Abstract
Objective. To identify biomarkers for bone metabolism in patients with ankylosing spondylitis (AS) and to determine the relationship between these biomarkers and disease activity, back mobility, osteoproliferation, and bone mineral density (BMD).
Methods. Serum levels of Wingless protein (Wnt-3a), Dickkopf-1 (DKK-1), sclerostin, soluble receptor activator of nuclear factor-κB ligand (sRANKL), and osteoprotegerin were assessed using ELISA. Ankylosing Spondylitis Disease Activity Score-C reactive protein, Bath Ankylosing Spondylitis Disease Activity Index, Bath Ankylosing Spondylitis patient global score, and C-reactive protein (CRP) were used as disease activity measures, and Bath Ankylosing Spondylitis Metrology Index (BASMI) as a measure of spinal mobility. Lateral spine radiographs were scored for chronic AS-related changes (mSASSS). BMD was measured with dual-energy x-ray absorptiometry.
Results. Two hundred four patients with AS (NY criteria; 57% men), with a mean age of 50 ± 13 years and disease duration 15 ± 11 years, and 80 age and sex-matched controls were included. The patients with AS had significantly higher serum levels of Wnt-3a (p < 0.001) and lower levels of sclerostin (p = 0.014) and sRANKL (p = 0.047) compared with the controls. High CRP was associated with low sclerostin (rS = −0.21, p = 0.003) and DKK-1 (rS = −0.14, p = 0.045). In multiple linear regression analyses, increasing BASMI and mSASSS were independently associated with older age, male sex, high CRP, and elevated serum levels of Wnt-3a. In addition, mSASSS remained associated with a high number of smoking pack-years after adjusting for age. Low BMD of femoral neck was associated with high mSASSS after adjusting for age.
Conclusion. Serum levels of Wnt-3a are elevated in AS and associated with increased BASMI and mSASSS, independent of age, indicating that Wnt-3a could be a biomarker for the osteoproliferative process.
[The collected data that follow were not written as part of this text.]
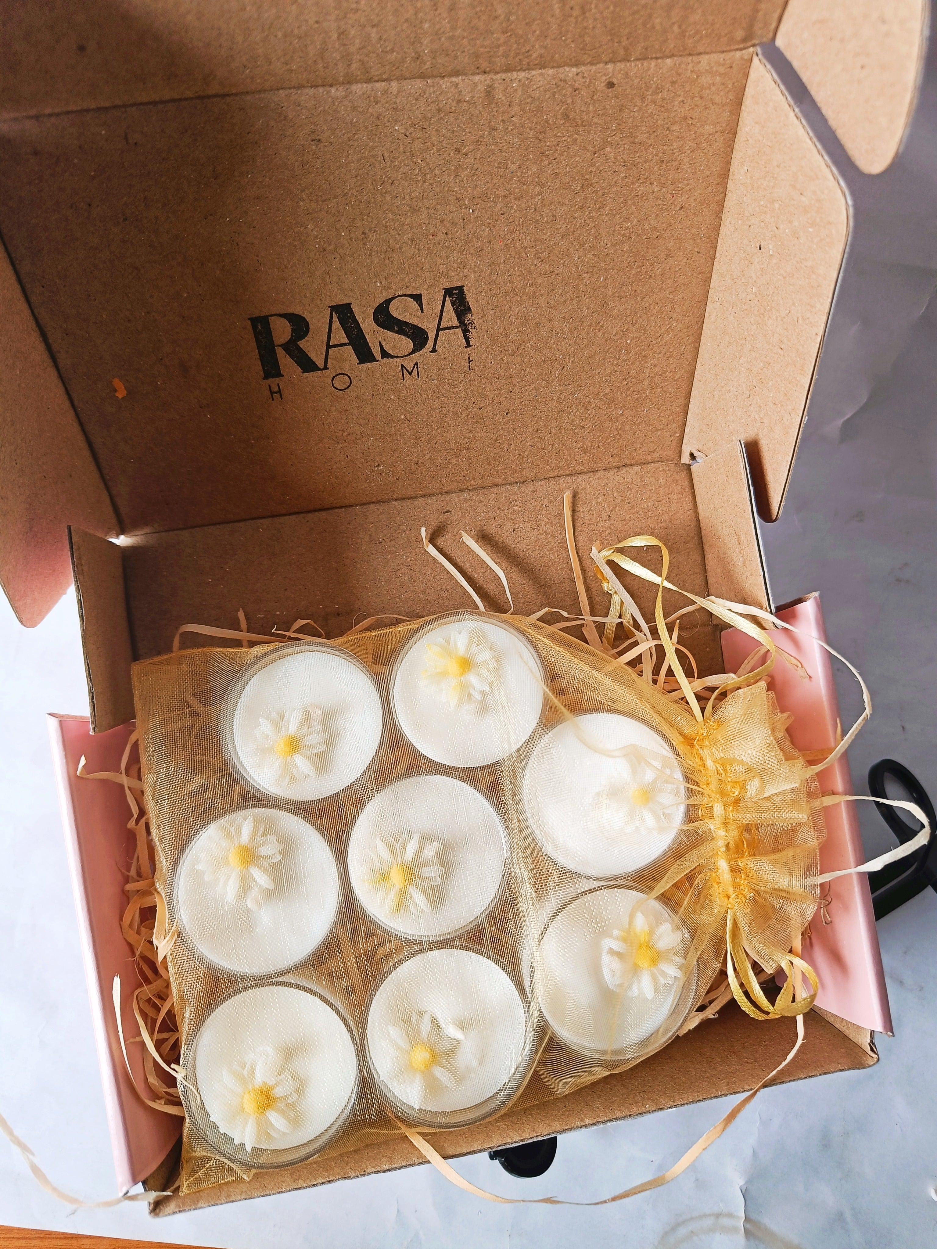 Enjoy our vegan, toxic-free scented tealights in a set of 8. Perfect for the floating water decor or just use them on a candle stand to create an elegant nook in your space.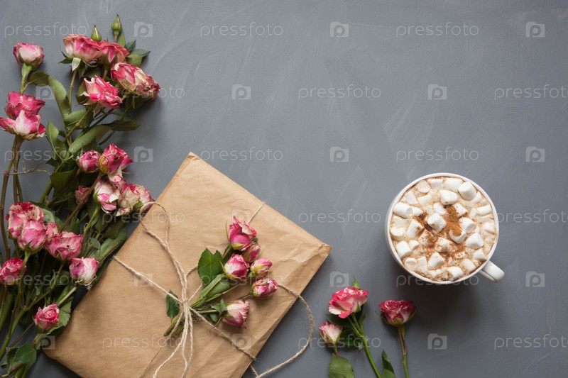 Букет из розовых кустов роз, подарок и чашка кофе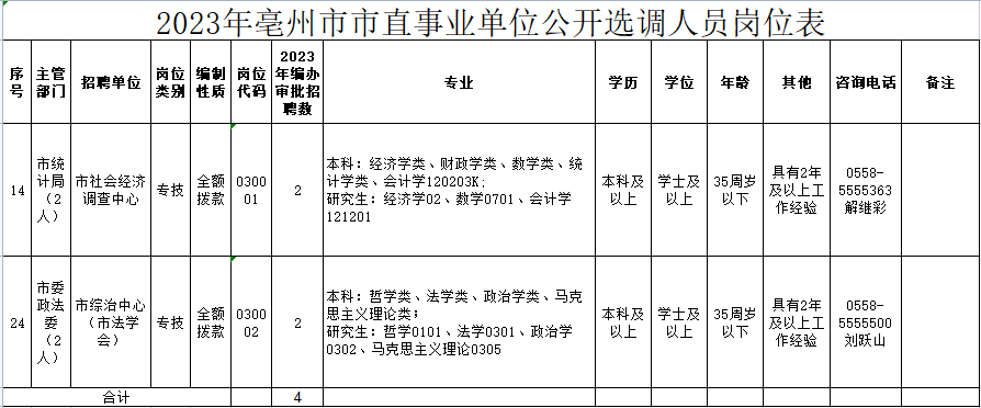 选调单位咨询电话:详见《2023年度亳州市市直事业单位公开选调人员岗位表》
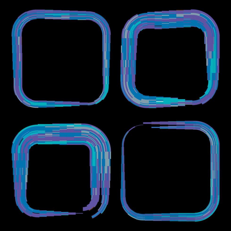 Set of four square frames with dynamic and futuristic aesthetics creating a sense of movement and energy. Ideal for technology-based presentations software interfaces and futuristic branding. Pro Vector

Ankylosing spondylitis (AS) is a chronic rheumatic disease characterized by sacroiliac and spinal inflammation and the growth of bony spurs (syndesmophytes) between the vertebrae. Syndesmophyte formation is associated with restriction of spinal mobility. Pathologic new bone is mainly formed by endochondral ossification, but membranous ossification also contributes1,2. Inflammation and osteoproliferation are at least partially uncoupled events in AS, because osteoproliferation can occur even if the inflammatory activity is low. Although inflammation can be treated successfully with blockers of tumor necrosis factor (TNF-α), several 2-year followup studies have shown a lack of effect on syndesmophyte formation3,4,5. In one observational study, however, patients with AS taking TNF inhibitors were followed for up to 5 years, and TNF inhibition appeared to reduce radiographic progression6. Daily or high use of nonsteroidal antiinflammatory drugs (NSAID) has been associated with less radiographic progression, but a truly effective treatment against new bone formation in AS has yet to be found7,8,9.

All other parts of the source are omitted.